A study of 1,029 genomes revealed that one in 100 otherwise healthy Indians carries genetic variations linked to heart electrical disorders that can cause sudden cardiac death.
The study emphasises the significance of genetic tests to identify high-risk people who have no outward signs of illness. It is the first of its kind in India to estimate through genomes the population prevalence of disorders called cardiac ion channelopathies.
A team of doctors and genomics researchers discovered genetic variations linked to channelopathies in 19 (1.8%) of the 1,029 whole genomes obtained from healthy volunteers.
Of these 19, ten — or 0.97 percent of the total 1,029 volunteers — had genetic variations that were clearly linked to these disorders.

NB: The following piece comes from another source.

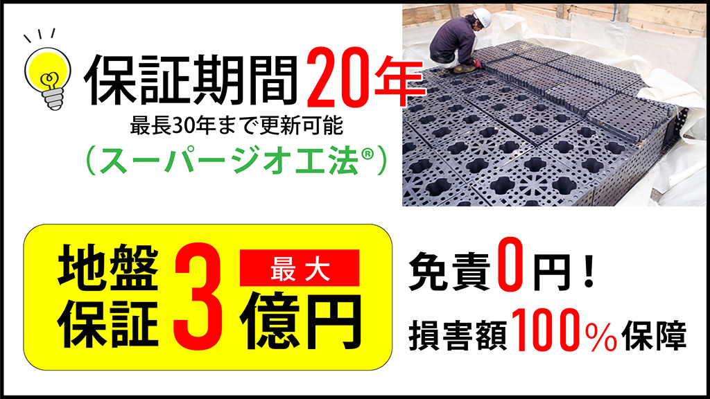 - 【安心保証】建物20年、設備10年、地盤20年、白蟻+定期点検20年

People with these disorders may appear healthy on the outside, but they are vulnerable to dangerous patterns of cardiac electrical activity that can cause palpitations, blackouts, or even sudden death, which are typically triggered by physical exertion or emotional stress.

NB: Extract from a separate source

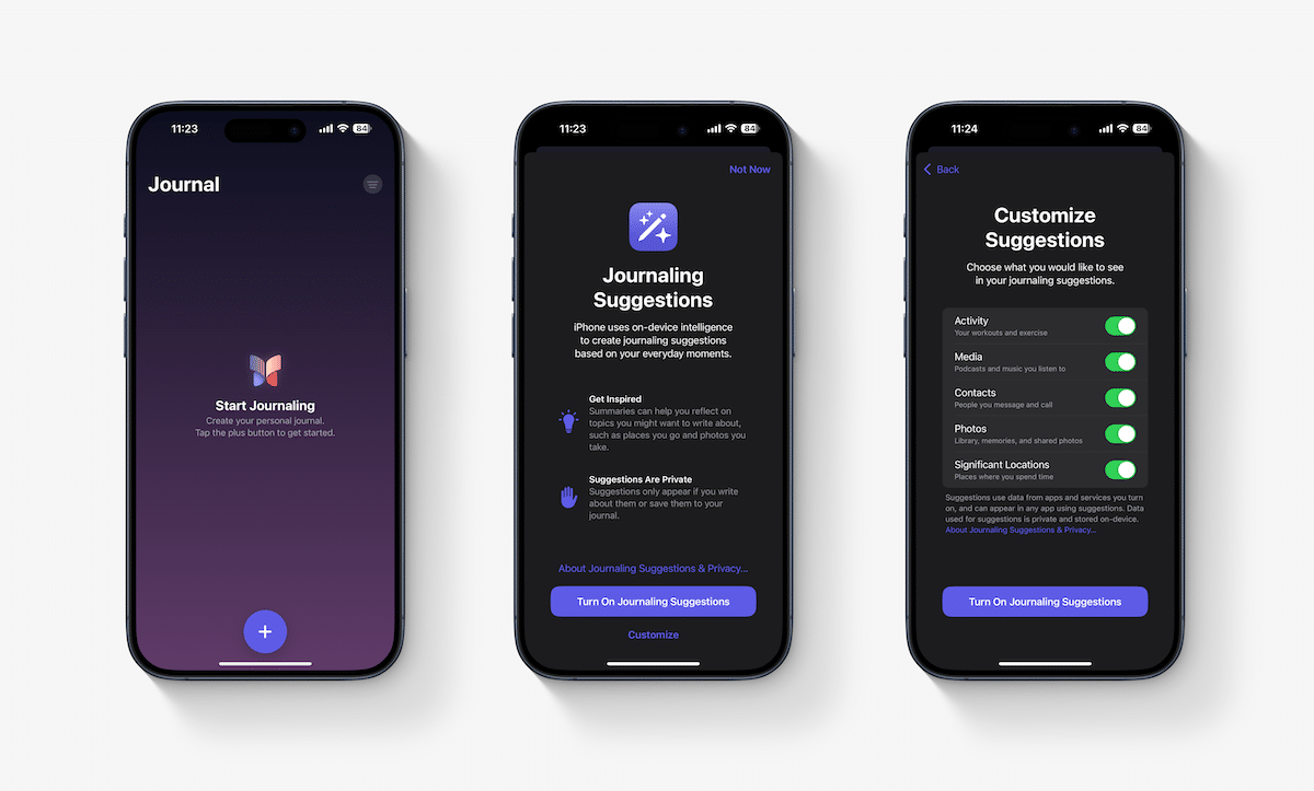 Aplikacja Journal jest wreszcie dostępna w systemie iOS 17.2. Aplikacja pozwala użytkownikom dokumentować swoje myśli, uczucia i działania na iPhone'ach lub iPadach, aby zadbać o swoje zdrowie psychiczne. Użytkownicy mogą także dodawać zdjęcia, treningi i preferencje muzyczne do swoich wpisów w dzienniku oraz otrzymywać sugestie tematów, o których warto pisać. Wszystkie dane w aplikacji są chronione hasłem lub identyfikatorem twarzy i kompleksowym szyfrowaniem. Sugestie są przetwarzane na urządzeniu.

"It's a bit like the sword of Damocles," said Sridhar Sivasubbu, the study's lead researcher at the Institute of Genomics and Integrative Biology in New Delhi.
"However, in the vast majority of cases, medicines or devices such as cardiac pacemakers can reduce the risk of such consequences."
"People with a family history of sudden cardiac death, or who have had blackouts or palpitations for no apparent reason, could be potential candidates for (genetic) screening," said Anjali Bajaj, the study's first author.
The IGIB's scientists are currently working on developing a diagnostic test for such screening. Several studies have attempted to estimate the incidence of sudden cardiac death in India, but cardiologists say the proportion of deaths caused by channelopathies is unknown because undiagnosed coronary artery disease can also result in sudden death.